Une équipe de recherche de l’Institut du Cerveau co-dirigée par le Pr Bruno Stankoff vient d’identifier un nouveau biomarqueur d’imagerie de la sclérose en plaques qui pourrait permettre à terme d’identifier les patients à risque de développer la maladie avant même l’apparition des premiers symptômes.
Maladie auto-immune du système nerveux central, la sclérose en plaques (SEP) touche 120 000 personnes en France et se déclare en moyenne vers 32 ans. Baisse de la vision, fourmillements, faiblesse musculaire, troubles de la coordination et de l’équilibre, les symptômes sont très invalidants et ont des conséquences profondes sur la qualité de vie des patients. A l’heure actuelle, seuls des médicaments immunomodulateurs ou immunosuppresseurs, c’est-à-dire capables de limiter la réaction inflammatoire observée dans le cerveau et la moelle épinière mais qui n’ont que peu d’effets sur l’évolution de la maladie sont disponibles.
L’objectif de la recherche est donc de diagnostiquer la maladie à un stade présymptomatique, alors qu’elle est encore cliniquement silencieuse. Ainsi, une prise en charge précoce pourrait permettre de modifier l’évolution de la maladie, pour réduire sa sévérité et son retentissement sur le quotidien des patients.
Lumière sur les plexus choroïdes
Les chercheurs de l’Institut du Cerveau ont dans des travaux antérieurs montré une activité accrue des cellules immunitaires au niveau des plexus choroïdes. Ces structures, situées dans les ventricules du cerveau, produisent le liquide céphalo-rachidien (LCR) et contribuent à réguler les échanges entre système sanguin et le système nerveux.
En plus de produire le liquide céphalorachidien, on sait que les plexus choroïdes régulent la circulation des cellules immunitaires au niveau la barrière hémato-encéphalique. Ils participent à la protection du cerveau contre l’intrusion de substances toxiques, et constituent une barrière biochimique qui facilite l’évacuation de déchets. Ils interviennent également pour aider le système nerveux central à récupérer après une maladie ou un traumatisme.
Vers un nouveau biomarqueur non invasif
Aujourd’hui, En combinant deux outils d’imagerie, l’IRM et la tomographie par émission de positrons (TEP), les chercheurs analysés et comparé les clichés de 27 patients présymptomatiques, 97 patients diagnostiqués SEP, et 53 volontaires sains. Ils ont montré que les plexus choroïdes des patients présymptomatiques étaient 32% plus volumineux que ceux des individus sains, et d’une taille similaire à ceux des patients déjà diagnostiqués. Ces résultats sont publiés dans la revue Neurology Neuroimmunology & Neuroinflammation.
La mesure du volume des plexus choroïdes pourrait donc constituer un nouveau biomarqueur, c’est-à-dire un critère anatomique permettant d’établir un diagnostic précoce de la maladie in vivo. Il s’avère d’autant plus prometteur qu’il s’agit d’un biomarqueur d’imagerie, qui repose sur un examen non invasif.
Pour confirmer la fiabilité et le potentiel diagnostic de ce biomarqueur candidat, les chercheurs doivent maintenant s’assurer que l’augmentation du volume des plexus choroïdes, corrélé à une forte neuro-inflammation et à l’infiltration de cellules immunitaires dans le liquide céphalorachidien, est spécifique de la SEP et n’est pas observée dans d’autres pathologies neurologiques.

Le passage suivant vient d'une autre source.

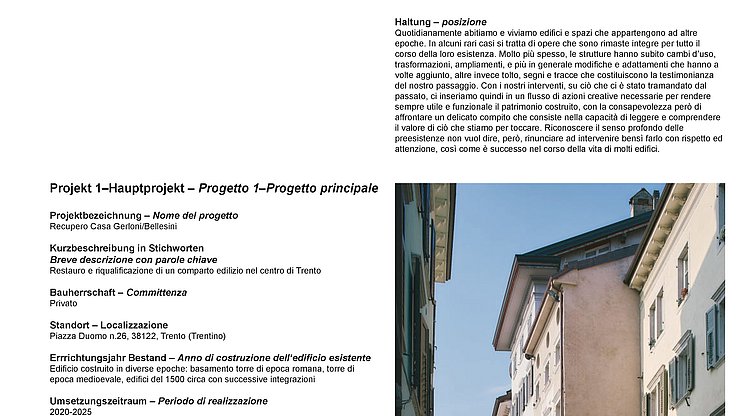 L’ambiente costruito plasma l’ambiente e gli spazi in cui viviamo, influenza la nostra quotidianità e costituisce il quadro del vivere sociale. In particolare, nella Euregio Tirolo-Alto Adige-Trentino, il patrimonio architettonico rappresenta un elemento fondamentale dell’identità culturale. Occorre preservare le tradizioni, salvaguardare l’artigianato e promuovere una trasformazione contemporanea, affrontando tematiche quali la conservazione e il riuso, l’integrazione armoniosa nel paesaggio e nell’ambiente, i fattori climatici, la sostenibilità, l’impiego di materiali e risorse regionali, la creazione di valore a livello locale e le questioni sociali.

Il faudra également vérifier si le volume des plexus choroïdes connait des fluctuations au cours de l’évolution de la maladie – au gré des poussées inflammatoires ou de la prise de médicaments, par exemple. D’autres études, incluant un plus grand nombre de patients, seront donc nécessaires.
La genèse de l'inflammation en question
Enfin, les chercheurs devront élucider les mécanismes biologiques spécifiques associés à l’augmentation du volume des plexus choroïdes, et leur implication dans le déclenchement des symptômes la SEP. Pour cela, il est nécessaire de mieux comprendre ces structures, encore peu étudiées.
L’équipe a mis en évidence que l’altération de la fonction barrière des plexus choroïdes était décelable au stade présymptomatique de la maladie, à travers une activité immunitaire anormale et des marqueurs biologiques de l’inflammation – dont la présence accrue de la protéine TSPO.
Il existe donc bien une corrélation entre l’augmentation du volume des plexus choroïdes, l’altération de leur fonctionnement et la neuroinflammation mais il reste à déterminer les liens de causalité entre ces phénomènes afin de déterminer et de confirmer le rôle prédictif de l’évolution de la maladie de ces structures.
Sources
Vito A.G. Ricigliano et al. Imaging characteristics of choroid plexuses in presymptomatic multiple sclerosis. Neurol Neuroimmunol Neuroinflamm 2022. À paraître.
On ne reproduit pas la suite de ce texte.